Reame Elfico

La patria degli elfi è un grande continente dal clima mite e temperato, situato all’estremo occidente di Ardania, conosciuto come Hildoriath (o Doriath).

Partendo dalla zona del Doriath del Nord troviamo, in una verde valle racchiusa dalla catena montuosa dell’Elvenquist, la città di Ondolinde, luogo di millenaria storia dove dimorano i fieri Quenya.

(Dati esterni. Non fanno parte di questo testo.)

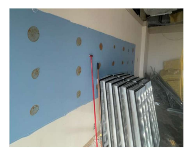
Stacked Existing Fixtures
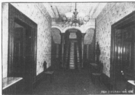
Hall and Leading Stairway.

All lights in the bedrooms are to be extinguished at 9:45 p.m.
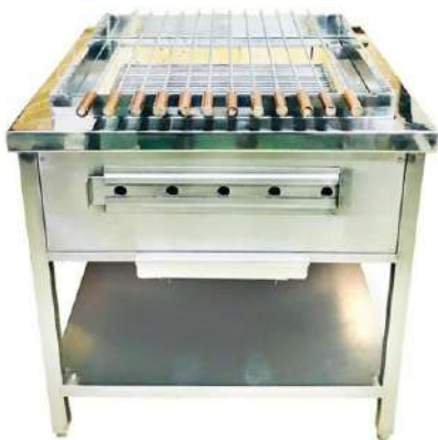
CHARCOAL GRILL (GAS/ELECTRIC) SIZE : CUSTOMIZED (DIE-113)
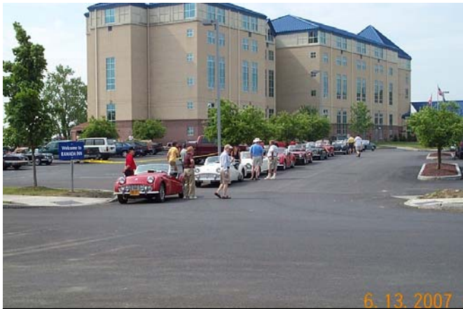
Figure 1 Overnight stay.
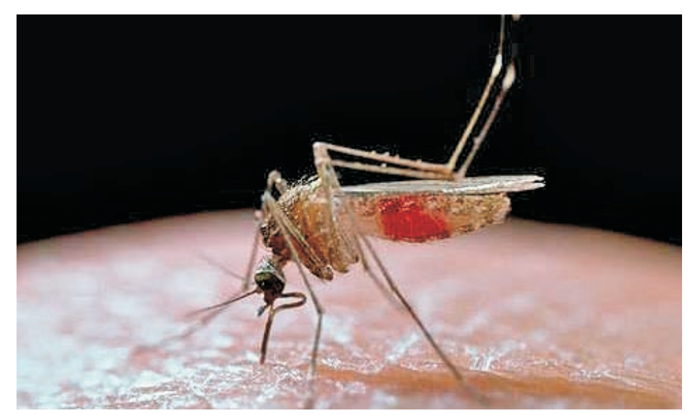
Figure 8. Culex tarsalis.

in your area, it is helpful to make sure that mosquito control and drainage have been considered and that the local MVCD is aware of the project.
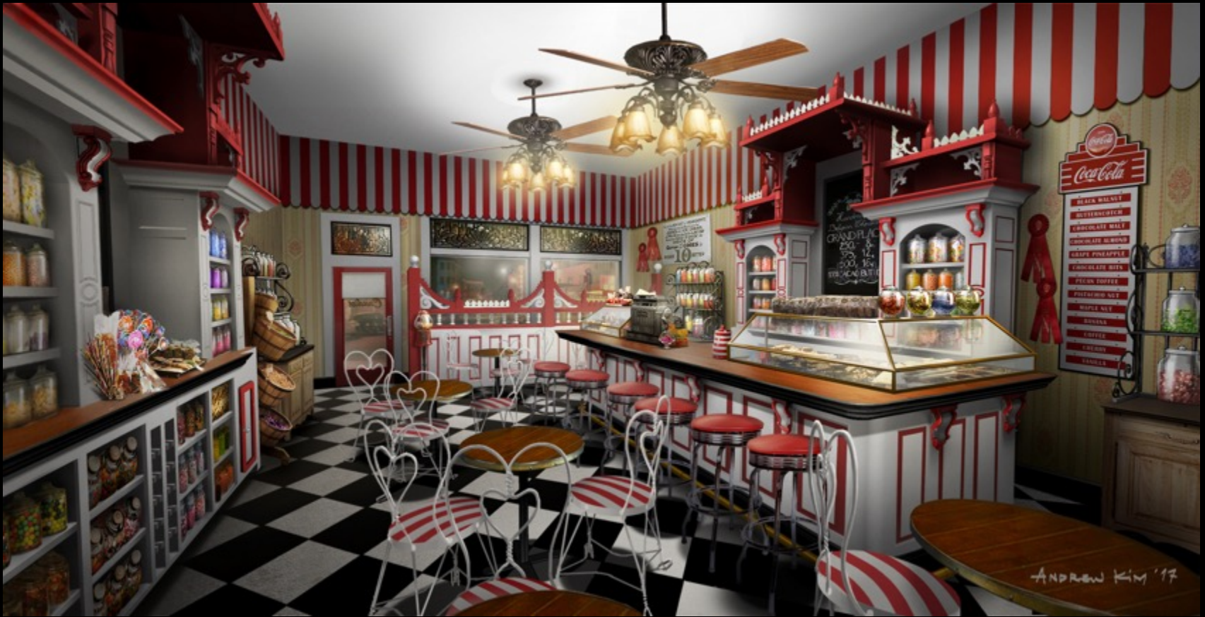
Int. Candy Shop
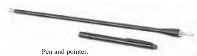
Pen and pointer.
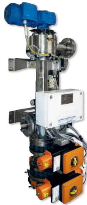
Q-Mag® fully automatic self-draining magnetic separator.

Scendendo dalle montagne innevate e spostandosi verso sud, ci troviamo nel cuore verde del Doriath del nord, un intricato e vasto bosco pervaso da antichi poteri, percorso da esili ed incerti sentieri ben conosciuti dagli elfi. Continuando verso sud ovest, verso la parte centrale del continente, valichiamo una piccola catena montuosa e ci troviamo nella Piana di Ilkorin, dove una piccola comunità di contadini si è insediata creando l’omonimo villaggio. Le distese sono lussureggianti e colme di campi coltivati, e le strade pianeggianti percorse da tanti viandanti, mercanti o pellegrini.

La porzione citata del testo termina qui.